Но Надежный только развел руками, говоря:

— В эти тайны, простите, не посвятили меня.

— Та-ак-с! — протянул Гильчевский. — Значит, вы не настаивали на том, чтобы вам это сказали, а между тем, осмелюсь вам доложить, вопрос этот — самый существенный.

Следуя своим кавказским обычаям, Гильчевский угостил Надежного всем, что мог отыскать в его походном погребце вестовой Архипушкин.

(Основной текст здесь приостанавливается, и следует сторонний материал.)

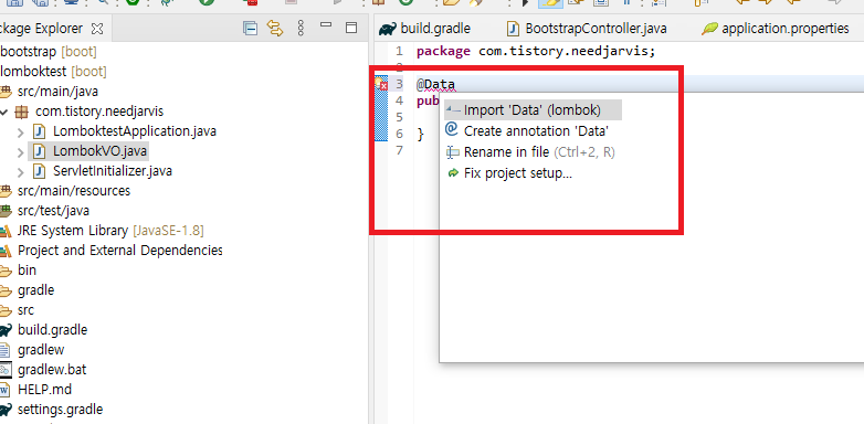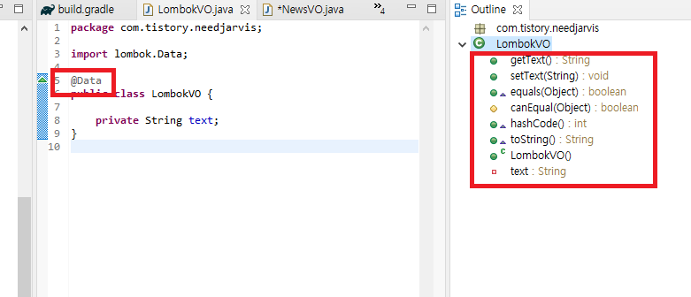 그레이들이나 메이븐으로 라이브러리를 정상적으로 다운로드 했다면, Import lombok.Data를 import 할 수 있게 되는데 롬복이 정상적으로 작동되고 있는지는 이클립스 우측창의 outline을 확인하면 된다.

Не привыкший к тому, чтобы о нем и его дивизии заботилось корпусное начальство, Гильчевский полагал, что для временно прикомандированной к корпусу, притом кадровой, дивизии штаб армии даст все, что будет необходимо, в избытке, так что, авось, что-нибудь переплеснет и ему, а задача форсировать Стырь и без приказа свыше никак не могла выскочить из его головы. До приезда Надежного он прикидывал на глаз всякие возможности к тому, чтобы достать необходимый материал для мостов. Все разбитое дерево прежних мостов, какое медленно плыло по реке, он приказал выловить, и это сделали ночью, но получилось его слишком мало. Бродов не было, островов не было, но топкие болота в обе стороны от реки были большие. По его приказу плетни и решетки делались тут, в лесу, гораздо прилежнее, чем на Слоневке, и если бы на его долю достались понтоны, вопрос о переправе своей дивизии он считал бы решенным. Но на всякий случай приглядывался он и к хатам деревни Копань, много ли в них делового леса, и к деревьям в лесу, вспоминая, как пришлось ему разыскивать на месте все нужное для переправы на такой реке, как Висла, в полверсты шириною.

Угощая Надежного, он старался решить для себя, так ли этот прочный генерал на самом деле надежен, чтобы быть спокойным за то, что его 10-я дивизия не подведет 101-ю, когда начнется серьезное дело.

Весь участок фронта, занимаемый дивизией Гильчевского, тянулся на десять верст; этот участок теперь был поделен пополам командиром корпуса, притом так, что северная его часть приходилась на долю Надежного, а на южную Гильчевский должен был стянуть свои полки. Когда об этом услышал от самого Надежного Гильчевский, он начал раздумывать вслух:

— Генерал Федотов рассудил, как Соломон. Вот план, — вот ваш участок. Видите, — ваш берег Стыри гораздо более болотист, чем мой теперешний...

— Неужели? — встревожился Надежный, вглядываясь в карту местности.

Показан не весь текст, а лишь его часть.